In the entries below, the lines from the one with "Of pure opbergtas" through the one with "在西汽,我们为心怀壮志的学子" are to be copied exactly; both ends count.

**** DATA FOR THIS TASK ****

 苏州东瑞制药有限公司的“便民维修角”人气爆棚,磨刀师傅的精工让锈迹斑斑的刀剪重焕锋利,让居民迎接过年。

****
**** DATA FOR THIS TASK ****

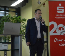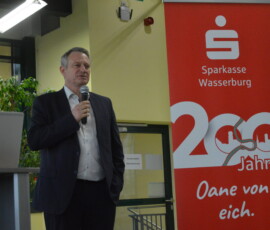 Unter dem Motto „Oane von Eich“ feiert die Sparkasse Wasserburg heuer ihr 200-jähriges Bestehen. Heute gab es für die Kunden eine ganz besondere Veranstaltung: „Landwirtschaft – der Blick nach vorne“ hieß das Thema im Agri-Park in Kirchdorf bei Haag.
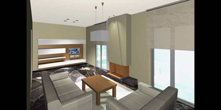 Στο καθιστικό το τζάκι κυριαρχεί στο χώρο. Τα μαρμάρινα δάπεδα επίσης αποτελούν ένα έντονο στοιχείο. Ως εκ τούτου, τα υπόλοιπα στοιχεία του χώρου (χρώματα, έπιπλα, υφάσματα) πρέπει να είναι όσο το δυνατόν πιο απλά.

****
**** DATA FOR THIS TASK ****

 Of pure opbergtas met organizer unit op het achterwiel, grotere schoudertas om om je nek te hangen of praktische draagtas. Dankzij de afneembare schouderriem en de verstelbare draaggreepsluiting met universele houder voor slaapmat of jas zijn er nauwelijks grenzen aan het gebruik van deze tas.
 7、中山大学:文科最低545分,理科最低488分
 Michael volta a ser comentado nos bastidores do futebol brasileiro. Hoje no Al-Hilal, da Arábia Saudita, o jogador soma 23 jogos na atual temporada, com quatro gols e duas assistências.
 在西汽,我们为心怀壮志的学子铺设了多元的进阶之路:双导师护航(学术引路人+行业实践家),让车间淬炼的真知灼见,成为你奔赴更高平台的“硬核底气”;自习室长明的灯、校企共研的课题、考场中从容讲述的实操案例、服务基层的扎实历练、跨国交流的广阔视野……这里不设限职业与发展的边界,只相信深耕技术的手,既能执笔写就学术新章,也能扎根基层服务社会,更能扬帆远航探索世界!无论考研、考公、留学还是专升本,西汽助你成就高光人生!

****

» **REPLY TO THE EXERCISE**:
 Of pure opbergtas met organizer unit op het achterwiel, grotere schoudertas om om je nek te hangen of praktische draagtas. Dankzij de afneembare schouderriem en de verstelbare draaggreepsluiting met universele houder voor slaapmat of jas zijn er nauwelijks grenzen aan het gebruik van deze tas.
 7、中山大学:文科最低545分,理科最低488分
 Michael volta a ser comentado nos bastidores do futebol brasileiro. Hoje no Al-Hilal, da Arábia Saudita, o jogador soma 23 jogos na atual temporada, com quatro gols e duas assistências.
 在西汽,我们为心怀壮志的学子铺设了多元的进阶之路:双导师护航(学术引路人+行业实践家),让车间淬炼的真知灼见,成为你奔赴更高平台的“硬核底气”;自习室长明的灯、校企共研的课题、考场中从容讲述的实操案例、服务基层的扎实历练、跨国交流的广阔视野……这里不设限职业与发展的边界,只相信深耕技术的手,既能执笔写就学术新章,也能扎根基层服务社会,更能扬帆远航探索世界!无论考研、考公、留学还是专升本,西汽助你成就高光人生!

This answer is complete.